Montgomery Harrison Wadsworth Ritchie

1910-1999

Remarks by Stuart Symington, Jr. at

Interment Ceremony, Temple Hill Cemetery

Genesco, NY

 

142 years ago, in the summer of 1857, Cornelia Wadsworth, daughter of James S., the general-to-be, married Montgomery Ritchie of Boston.  They had a son named Jack.  When the Civil War broke out, Ritchie served with distinction as an officer in the Union Army.   He died in 1864.   In 1869, Cornelia remarried, to an Anglo-Irish grandee named John Adair.   They founded the great J.A. Ranch, one of the biggest outfits in Texas, in 1876.  It had 1,350,000 acres, and ran 100,000 head of cattle.  To this day, it is some 20 miles from the front gate to the front door.

Cornelia spent much time in England.  Her son, Jack, was brought up there.   He married, and had two sons, Montie, whom we honor today, and Dick.  Montie was born on December 2, 1910.  He grew up as an English aristocrat and graduated from Cambridge in 1931, where he read history and languages.

He was an adventuresome guy.

In college, he belonged to a group called the Night Climbers.   For a lark, they undertook to climb at night to the top of every gothic building on campus.  Somebody wrote a book about their exploits, and Montie kept a copy in his library.
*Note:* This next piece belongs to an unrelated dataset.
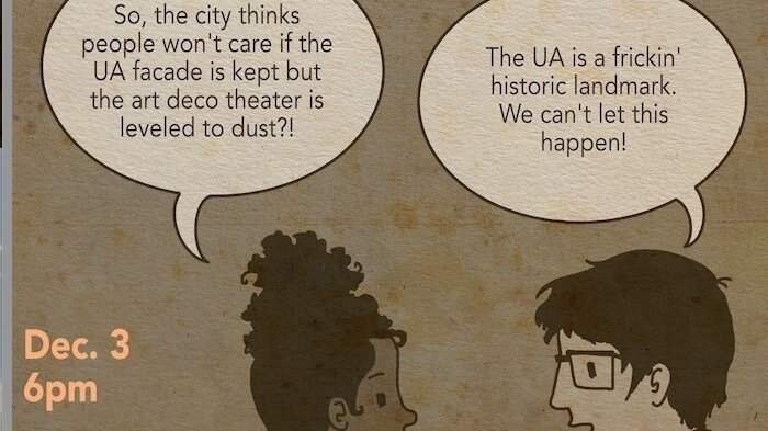 ➡️ We're rallying people to the Berkeley City Council meeting this Tuesday and, more importantly, to the zoning board hearing on 12/12, where the board will pretend to have a public hearing seeking input but in actuality will rubber-stamp approval of the housing tower that requires the destruction of the magnificent art deco United Artists theater in downtown Berkeley.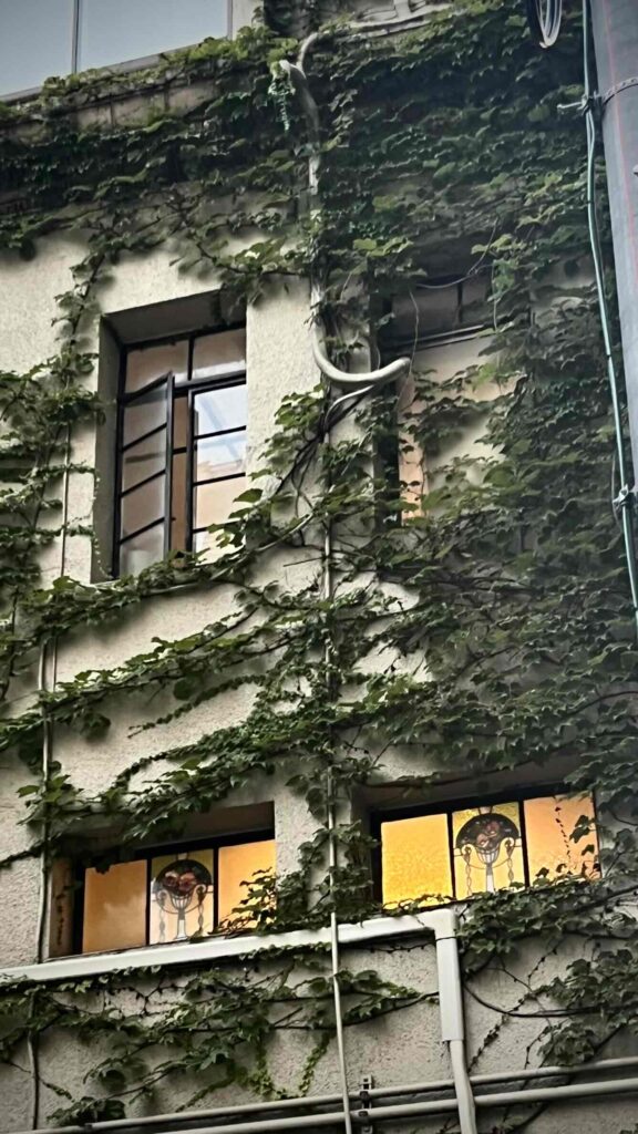 青山ビルは1921(大正10)年に個人邸として竣工したスパニッシュ風建築の洋館。GHQ将校の施設などを経て、現在「生きた建築ミュージアムフェスティバル」の対象建築としても常連で、国登録有形文化財指定・大阪市景観資源登録もされている、魅力的なディティールが残る建築です。

While at Cambridge, Montie and some friends vied to see who could drive from Cambridge to Piccadilly Circus, London, in the shortest time.  Starting in the middle of the night, when there was little traffic, the competitors drove their sports cars as fast as they could.  Later, Montie dryly remarked that the competition ended when a rich Brazilian ran over a pedestrain.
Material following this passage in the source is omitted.